Truth behind Waves L2

Despite what unrealistic lab-tests you do, the L2 has always been crap for any duties that didn't require utter annihilation of transient content. Regardless of what it does to square waves, it has always had the effect of flattening and distorting source content in, many times, really undesirable ways.

Actually the OP graph shows why L2 sucks.

The tops of the waveforms are flat (just like the input) during the unattennuated part, and flat where the full attenuation has been applied. But in the attack and release the tops aren't flat, they're curved - the waveform has been re-shaped. This means distortion harmonics.

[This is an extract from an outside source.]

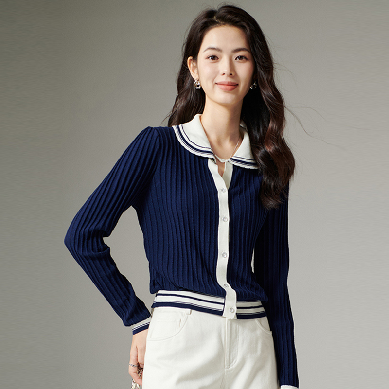 针织衫 条纹短袖 长袖 开衫 毛衣外套 RARN2025秋装 两件套圆领修身 新款
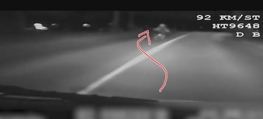 Dzenoties pakaļ pārgalvīgajam motocikla vadītājam, vairākkārtīgi dots rīkojums apstāties, taču tā vadītājs nereaģēja un centās nogriezties uz dzelzceļa sliedēm, kur ar automašīnu nav iespējams izbraukt, taču neveiksmīgi. Jaunietis nenovaldīja stūri, ietriecās vienā no ceļa zīmēm, pēc kā pielēca kājās un centās iedarbināt motoru, taču policijas darbinieks paspēja pieskriet pie pārkāpēja un viņu aizturēja. Vadītājs negadījumā nebija guvis miesas bojājumus. Pārbaudot vadītāja datus, konstatēts, ka viņš ir 18 gadus vecs jaunietis un viņam nav atbilstošas vadītāja apliecības. Savukārt pārbaudot transportlīdzekļa datus, noskaidrots, ka tas aprīkots ar cita spēkrata numura zīmi.

So on musical signals, L2 doesn't distort on the transient peaks, but it distorts immediately before and after the peaks. Hence the obscured, smeary sound.
 
OTOH, feeding square waves into a clipper isn't a very revealing experiment. Clippers create distortion harmonics because they flatten the top of the waveform. Put a flat-topped waveform in... :D

With FG-X it's a actually a selling point that it goes beyond gain adjustments to increase the level. So it's no surprise that the output doesn't look like the input, waveform re-shaping is implied by the stated method of operation.

A process like this can really only be judged by ear. But it's interesting to look at if you have some idea what you're seeing.

Thanks ahjteam for posting the graphs.